The key inclusion criteria were the diagnosis of moderate to advanced open-angle glaucoma and IOP above 18 mmHg. Using the Hodapp-Parrish-Anderson classification system, moderate to advanced glaucoma cases were defined by visual fields with a mean deviation (MD) of the Humphrey visual fields worse than −6 dB. The secondary inclusion criteria were: cup-to-disc ratio 0.7–1.0, not meeting target IOP with either maximal tolerated topical antiglaucoma medications (2–4 antiglaucoma agents) or systemic therapy (acetazolamide). All the patients of Group A were phakic, and all the participants of Group B were pseudophakic. Patients with previous intraocular surgeries, secondary open-angle glaucoma including pseudoexfoliative glaucoma and pigmentary glaucoma, uveitis or oculus ultimus or unicus were not excluded. No pregnant women were included in the study because of the teratogenic effect of mitomycin C (MMC).

Baseline examinations included best-corrected visual acuity (BCVA), slit-lamp biomicroscopy of the anterior and posterior segment, gonioscopy with angle grading, IOP measurement using Goldmann applanation tonometry (Haag Streit, Essex, UK), visual field perimetry with Zeiss Humphrey Analyzer 3 (Zeiss, Jena, Germany) using Swedish Interactive Testing Algorithm Fast, and ECD using the Topcon specular microscope (Topcon Healthcare, Oakland, USA). The postoperative follow-up visits were conducted at 2 weeks and 1, 3, 6, and 12 months after the surgical intervention.

Target IOP was set in this study according to the Canadian target IOP Workshop.[14] If this target IOP was not achieved at any time postoperatively, and then we reinstituted topical antiglaucoma medications or revised the filtering bleb. We considered persistently high IOP above target IOP that was resistant to the above interventions as an indication for additional glaucoma procedures.

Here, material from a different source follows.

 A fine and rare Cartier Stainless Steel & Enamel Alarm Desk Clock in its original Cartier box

Our criteria of absolute success were a postoperative IOP between 6 mmHg and 15 mmHg and at least a 30% reduction of IOP from baseline without any postoperative antiglaucoma agents or additional glaucoma surgeries. A qualified success was defined as a postoperative IOP between 6 mmHg and 18 mmHg and at least a 20% reduction of the IOP from baseline under fewer or the same number of preoperative antiglaucoma agents without additional glaucoma surgeries. If an eye required subsequent glaucoma surgery or showed a significant reduction in ECD, it was considered a failure.

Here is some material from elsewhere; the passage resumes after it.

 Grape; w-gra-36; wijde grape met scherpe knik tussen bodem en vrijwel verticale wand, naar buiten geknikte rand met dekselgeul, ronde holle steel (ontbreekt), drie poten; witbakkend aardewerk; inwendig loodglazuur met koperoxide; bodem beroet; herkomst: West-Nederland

One experienced glaucoma surgeon performed ocular surgery on all patients under general anesthesia. The surgical procedure for the PreserFlo™ MicroShunt is minimally invasive. The device is implanted through an ab externo approach. A fornix-based subconjunctival and sub-Tenon's flap was dissected at the upper nasal or temporal quadrant over a circumference of 1–2 h, to at least 8–10 mm posterior to the limbus. Three MMC-soaked sponges were placed in the subconjunctival flap for 3 min. Cataract surgery with phacoemulsification was performed on patients in Group A through a clear corneal tunnel that was placed temporally. Subsequently, a marker was used to mark a point 3 mm from the middle border of the surgical limbus at the blue-gray zone. At the distally-marked point on the sclera, a 1.2 mm width diamond blade was used to create a small triangular pocket in the sclera (large enough to seat the fins of the MicroShunt). A 25G needle was then bent and used to create a transscleral tunnel from the apex of the scleral pocket into the anterior chamber. Using forceps, the MicroShunt was threaded, bevel up and fins flat, into the transscleral tunnel. The fins were then wedged into the scleral pocket. Importantly, flow through the MicroShunt was confirmed prior to closure of Tenon's capsule and the conjunctiva. Flow was confirmed visually by wiping the humor drop away with a sponge and visualizing the formation of a small drop. The conjunctiva and the Tenon capsule were anchored to the limbus with continuous cross suture with 10–0 nylon. In patients who had prior antiglaucoma surgeries, we implanted an Ologen implant subconjuctivally.

The postoperative topical medications in both groups consisted of prednisolone acetate 1% six times daily, moxifloxacin three times daily, and cyclopentolate twice daily, which were gradually tapered. No antiglaucoma agents were initially given in either group postoperatively.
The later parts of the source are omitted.